Unlike most of the 60-some embassies in Chanakyapuri, New Delhi, the Swiss Embassy is completely visible from the street. The walk to the entrance gate is friendly, even casual. One can observe a handful of parked cars and two-wheelers at the end of the entrance path, a marine blue emanating from the bottom of a pool, and the inviting shade of ashoka trees. Aside from the small, white emblem of the Swiss cross, nothing about the building suggests nationalism, nationhood, or political ideology. The result however is truly a transcendence of place. One is no longer in New Delhi, nor in an embassy for that matter. One simply stands before a remarkable convergence of geometric forms and materials.

This initial, pedestrian-scale experience gives way to the full breadth of the 7,800-square-meter main building, which, following Hofmann’s original wishes, houses both the residence and chancery. Massive in size, the main building becomes monumental in feeling. It is at this vantage point that the Swiss Federal Political Department’s concern for showmanship over modesty is glaringly apparent. The Switzerland represented in this part of the building is not one of small geographical size, but rather one of “moral and financial power.”

Similar to Jean Prouvé’s buildings in West Africa, which were lifted off the ground in recognition of the local climate, Hofmann’s concrete building has a pilotis structure: slender, angular columns raise the black granite base of the building above ground level. These forms are imposing and rigid but, given their simple planar form, they keep the building open and transparent. The austere coutyard encasing the rectangular sliver of a reflecting pool and fountain feels both Moghul and Saarinen-esque. Elsewhere, the architects incorporated local materials such as kota stone from Rajasthan, marble, granite, and teak wood that lend the rational forms a tactile sensualness. In these ways, the embassy ultimately fulfills its original diplomatic intention. “It stands,” current ambassador Dr. Linus von Castemur explains, “whether explicitly or implicitly for values and idea; it represents one country within another.”

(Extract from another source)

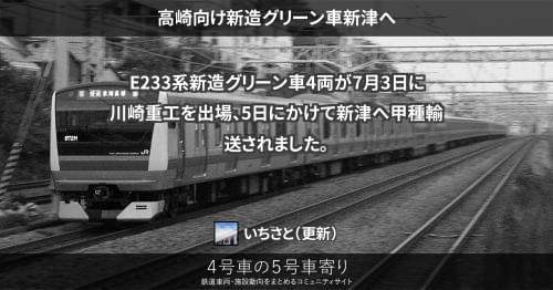 E233系新造グリーン車4両が7月3日に川崎重工を出場、5日にかけて新津へ甲種輸送されました。
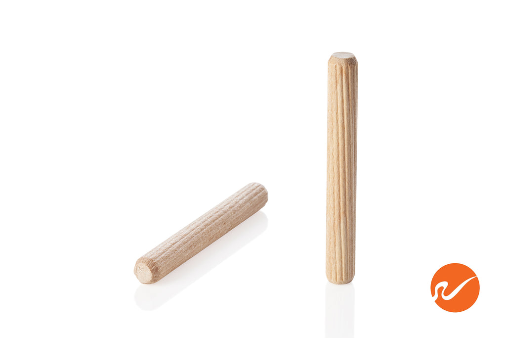 5/16" x 2-1/2" Multi-Groove Wood Dowel Pins are straight dowel pins to fit 5/16" holes on tables, chairs, cabinets, and DIY woodworking projects. 5/16" x 2-1/2" Multi-Groove Wood Dowel Pins have "fluted" multi-grooves for easy installation and for maximum adhesion. Simply apply a small dollop of wood glue into the hole and gently tap in the dowel pins with a rubber mallet or similar tool. Bulk available.

The main hall features objects from the Swiss Federal Art Collection.

Courtesy Ariel Huber

Switzerland in India

As we’ve seen, the project can be understood as an architectural exchange of ideas and forms. The reflecting pool, for example, is not just a pool, but also a cooling device, as is the high, inward slanting roof that provides natural ventilation from both below and above. Openness of form was a distinct trait of Western midcentury modern architecture but has always been a traditional element within the Indian vernacular. Yet the ground-level veranda and open meeting areas of the balcony areas go beyond any trite East-meets-West description.

The collaborative process that initially caused many delays in the completion of the Swiss Embassy has ultimately allowed the complex to age with grace. Apart from energy-related improvements, very few alterations to the building have been made. In celebration of the fiftieth anniversary, new furniture, lighting, and artwork have been installed. These upgrades (such as a stone installation from Bijoy Jain of Studio Mumbai, a bronze sculpture from Otto Müller, and paper works by graphic artist Urs Fischer) allude to a second bilateral relation—art and state. But once again, the overall effect in bringing together the cultural and the political is that of neutrality, and beauty in form.